■ THE PROBLEM
Repeat all the records exactly, omitting pictures.
=== LISTED ENTRIES ===
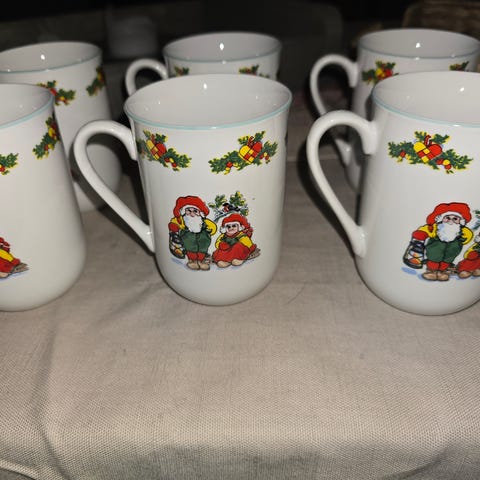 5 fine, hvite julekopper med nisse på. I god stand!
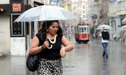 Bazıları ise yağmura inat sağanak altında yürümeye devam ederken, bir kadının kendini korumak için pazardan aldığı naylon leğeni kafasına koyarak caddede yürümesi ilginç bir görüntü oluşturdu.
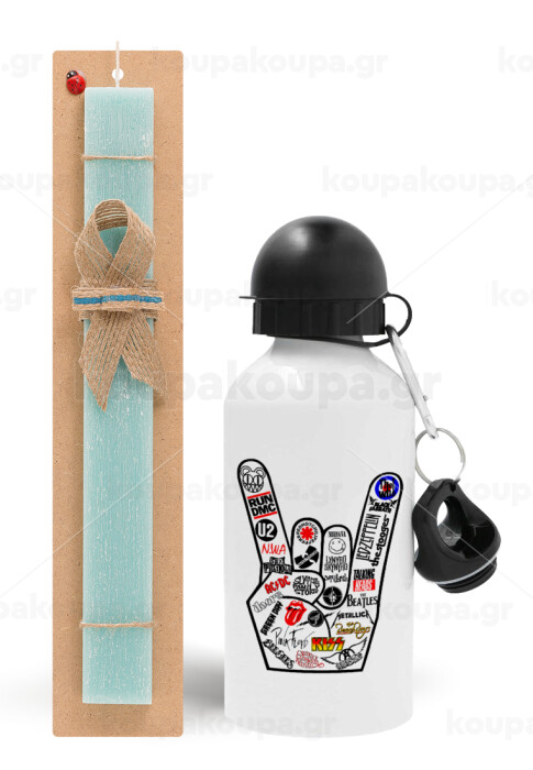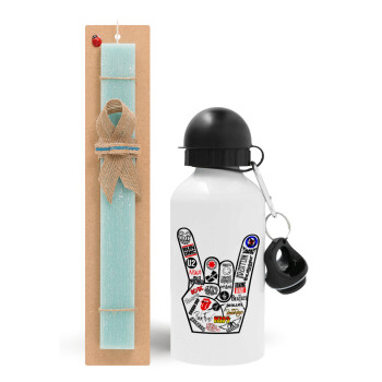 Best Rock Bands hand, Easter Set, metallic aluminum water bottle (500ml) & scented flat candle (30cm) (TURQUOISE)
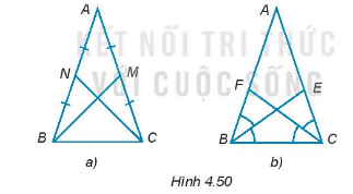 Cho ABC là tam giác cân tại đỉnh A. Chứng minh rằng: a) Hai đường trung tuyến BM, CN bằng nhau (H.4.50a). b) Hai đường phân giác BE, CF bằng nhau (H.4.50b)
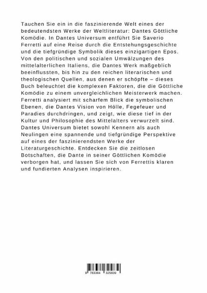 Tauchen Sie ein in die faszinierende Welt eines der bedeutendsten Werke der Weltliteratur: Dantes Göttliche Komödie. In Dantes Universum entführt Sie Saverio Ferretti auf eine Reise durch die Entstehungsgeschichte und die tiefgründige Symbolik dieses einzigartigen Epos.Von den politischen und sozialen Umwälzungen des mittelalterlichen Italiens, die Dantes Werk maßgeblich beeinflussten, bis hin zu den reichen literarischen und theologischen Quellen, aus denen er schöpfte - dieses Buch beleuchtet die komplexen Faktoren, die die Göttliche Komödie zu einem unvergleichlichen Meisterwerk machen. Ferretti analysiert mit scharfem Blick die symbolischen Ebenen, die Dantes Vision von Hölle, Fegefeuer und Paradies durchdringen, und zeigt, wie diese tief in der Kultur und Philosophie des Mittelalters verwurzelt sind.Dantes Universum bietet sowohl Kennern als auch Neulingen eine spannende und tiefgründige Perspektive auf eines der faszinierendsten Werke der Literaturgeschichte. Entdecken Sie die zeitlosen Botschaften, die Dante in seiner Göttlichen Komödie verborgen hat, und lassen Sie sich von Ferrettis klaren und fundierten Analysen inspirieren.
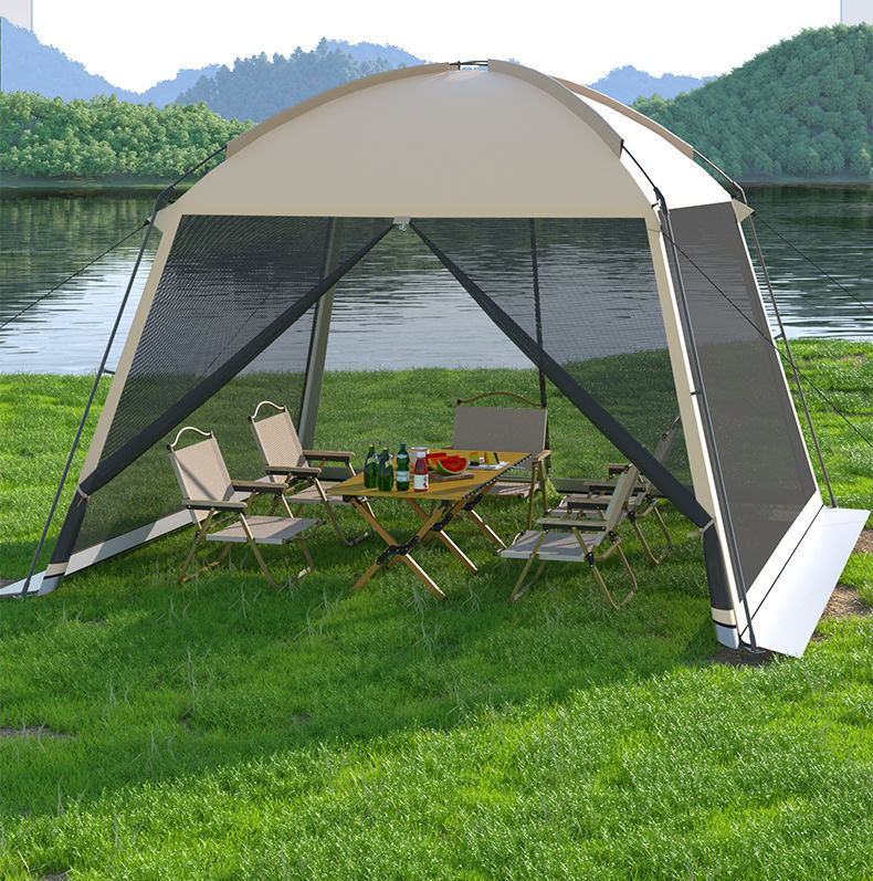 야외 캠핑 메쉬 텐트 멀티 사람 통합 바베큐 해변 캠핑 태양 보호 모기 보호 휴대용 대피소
===
■ OUTPUT BELOW
 5 fine, hvite julekopper med nisse på. I god stand!
 Bazıları ise yağmura inat sağanak altında yürümeye devam ederken, bir kadının kendini korumak için pazardan aldığı naylon leğeni kafasına koyarak caddede yürümesi ilginç bir görüntü oluşturdu.
 Best Rock Bands hand, Easter Set, metallic aluminum water bottle (500ml) & scented flat candle (30cm) (TURQUOISE)
 Cho ABC là tam giác cân tại đỉnh A. Chứng minh rằng: a) Hai đường trung tuyến BM, CN bằng nhau (H.4.50a). b) Hai đường phân giác BE, CF bằng nhau (H.4.50b)
 Tauchen Sie ein in die faszinierende Welt eines der bedeutendsten Werke der Weltliteratur: Dantes Göttliche Komödie. In Dantes Universum entführt Sie Saverio Ferretti auf eine Reise durch die Entstehungsgeschichte und die tiefgründige Symbolik dieses einzigartigen Epos.Von den politischen und sozialen Umwälzungen des mittelalterlichen Italiens, die Dantes Werk maßgeblich beeinflussten, bis hin zu den reichen literarischen und theologischen Quellen, aus denen er schöpfte - dieses Buch beleuchtet die komplexen Faktoren, die die Göttliche Komödie zu einem unvergleichlichen Meisterwerk machen. Ferretti analysiert mit scharfem Blick die symbolischen Ebenen, die Dantes Vision von Hölle, Fegefeuer und Paradies durchdringen, und zeigt, wie diese tief in der Kultur und Philosophie des Mittelalters verwurzelt sind.Dantes Universum bietet sowohl Kennern als auch Neulingen eine spannende und tiefgründige Perspektive auf eines der faszinierendsten Werke der Literaturgeschichte. Entdecken Sie die zeitlosen Botschaften, die Dante in seiner Göttlichen Komödie verborgen hat, und lassen Sie sich von Ferrettis klaren und fundierten Analysen inspirieren.
 야외 캠핑 메쉬 텐트 멀티 사람 통합 바베큐 해변 캠핑 태양 보호 모기 보호 휴대용 대피소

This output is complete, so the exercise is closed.